О Патриархе мне говорить трудно. Всё, что можно сказать по протоколу, будет сказано без меня – да и не владею я этим жанром. Личных воспоминаний у меня просто нет: я видел его лишь издалека, в официальной обстановке. Поэтому я буду говорить не столько о нем, сколько о нас – членах Церкви, и о том, что значит для нас его предстоятельство.

Я помню, с каким особым чувством мы следили за оглашением результатов выборов поместного Собора. Они, прямо скажем, не были сенсационными – но все равно это совсем, совсем другое, чем цифры от Избиркома на экране телевизора. «Приемлю, благодарю, и нимало вопреки глаголю» – эти слова, прозвучавшие в прямом эфире, запомнились всем. Страна, которая так привыкла к монархии, что и на генсеков, и на президентов привычно переносила свое отношение к батюшке-царю – она увидела перед собой не временщика, а человека, берущего на свои плечи колоссальную тяжесть с полным осознанием ответственности перед Богом и перед народом.

А нам, казалось бы, можно расслабиться и успокоиться: всё теперь пойдет уж как пойдет. Одни, зная активную позицию митрополита Кирилла, «птенца никодимова гнезда», по целому ряду церковных и общественных вопросов, с нетерпением ждали реформ, другие тех же самых реформ опасались, а большинство, как всегда, замерло в ожидании.

Спустя два года, казалось бы, настало время подведения первых итогов.
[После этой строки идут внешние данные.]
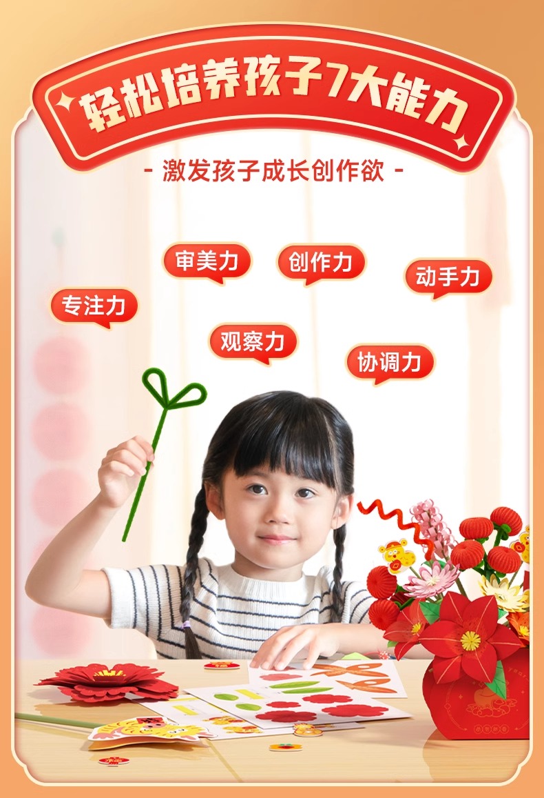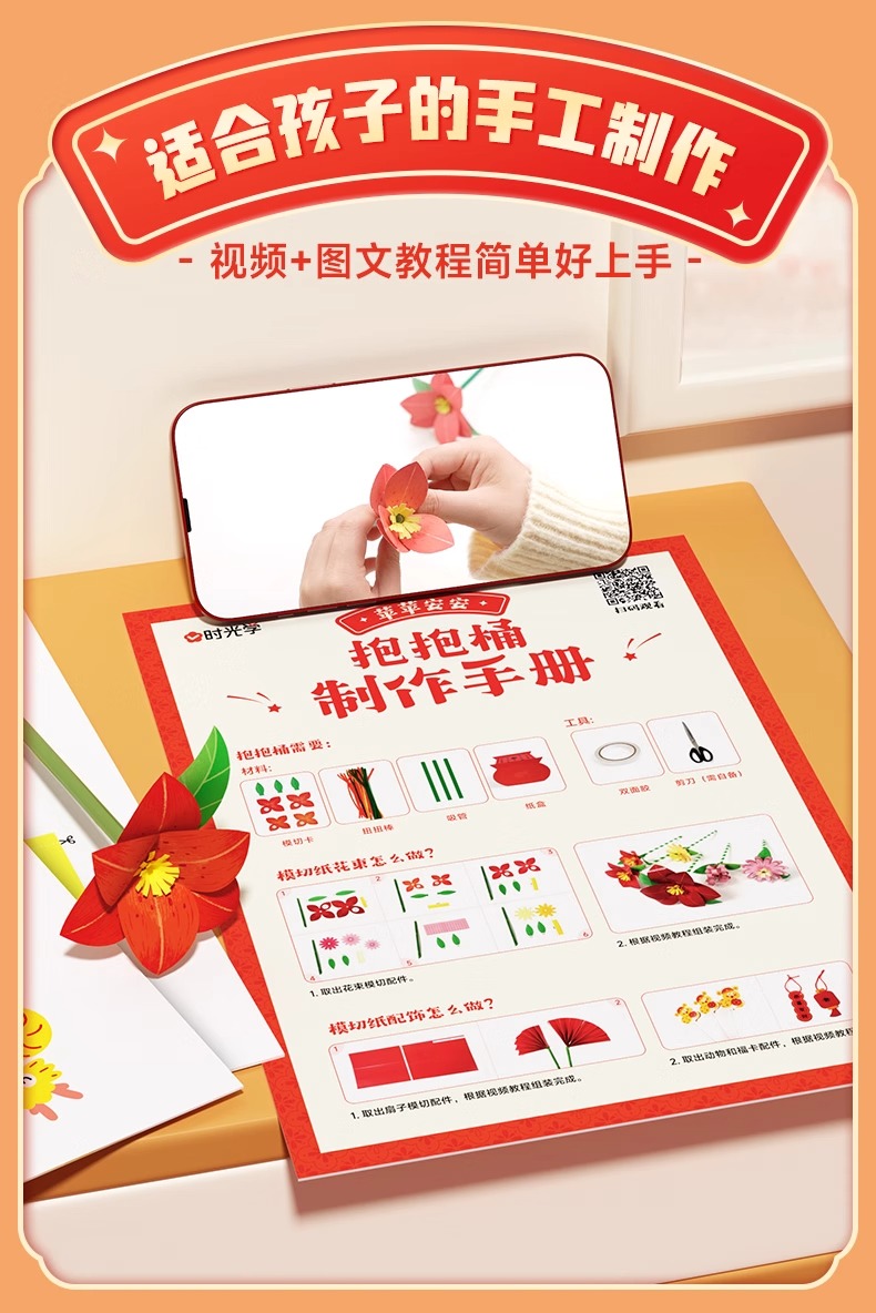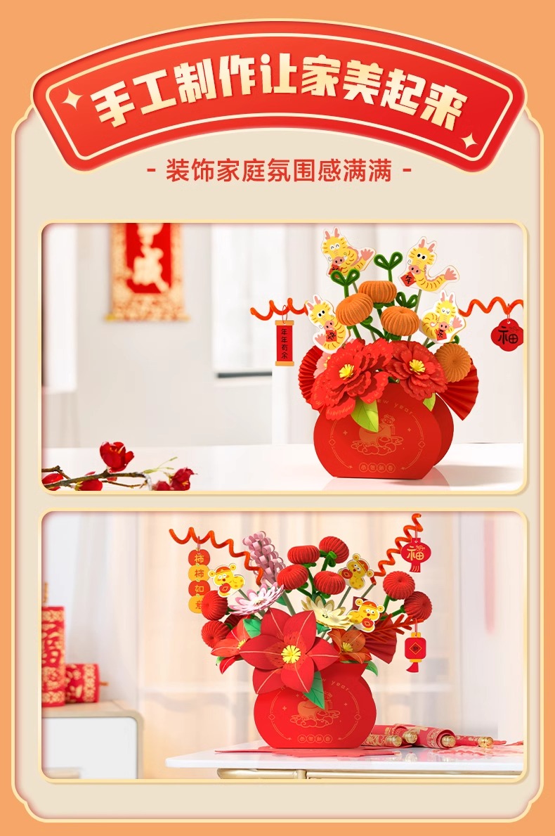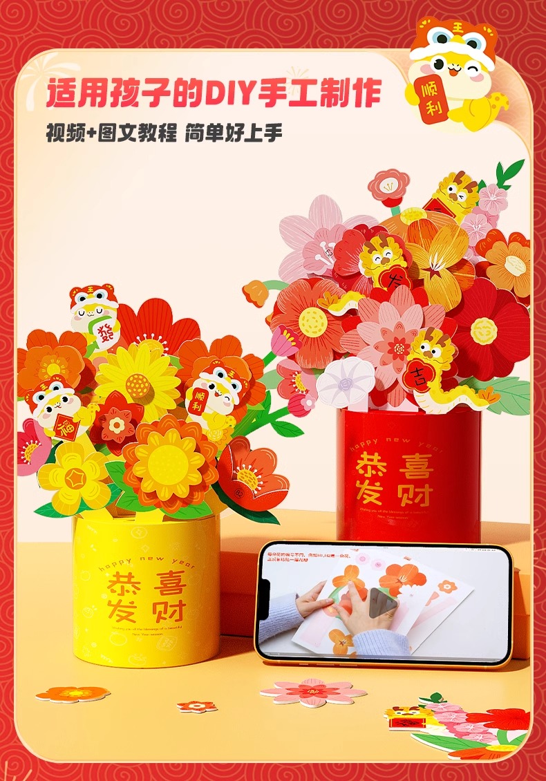 【时光学】新年手工抱抱桶花束年宵花diy材料萍萍安安柿柿如意幼儿园小学儿童创意花束

Но их почти и не видно – не потому, что ничего не делалось, как раз наоборот, эти два года были наполнены разными и достаточно значимыми событиями – а потому, что это были не популистские меры, призванные взбудоражить или успокоить толпу немедленным эффектом, не сиюминутные решения текущих вопросов, а поиск пути на десятилетия вперед. И мы просто еще не знаем, чем обернется в исторической перспективе новый приходской устав, чем – Межсоборное присутствие, как удастся Церкви распорядиться полученным от государства имуществом и к каким изменениям в жизни нашей страны всё это приведет.

И, полагаю, не Патриарха нам следует об этом спрашивать, а самих себя, в первую очередь. Мы слишком привыкли рассчитывать, что Первое Лицо преподнесет нам всё сразу, в готовом виде, а нам останется только радоваться или возмущаться. Недавно мне довелось слышать из уст одного весьма высокопоставленного деятеля (вполне светского), что задача церковного журналиста состоит в том, чтобы улавливать пожелания Патриарха и доводить их до широкой общественности. Для сотрудников пресс-службы, несомненно, это так, но для журналистов вообще? Не согласен.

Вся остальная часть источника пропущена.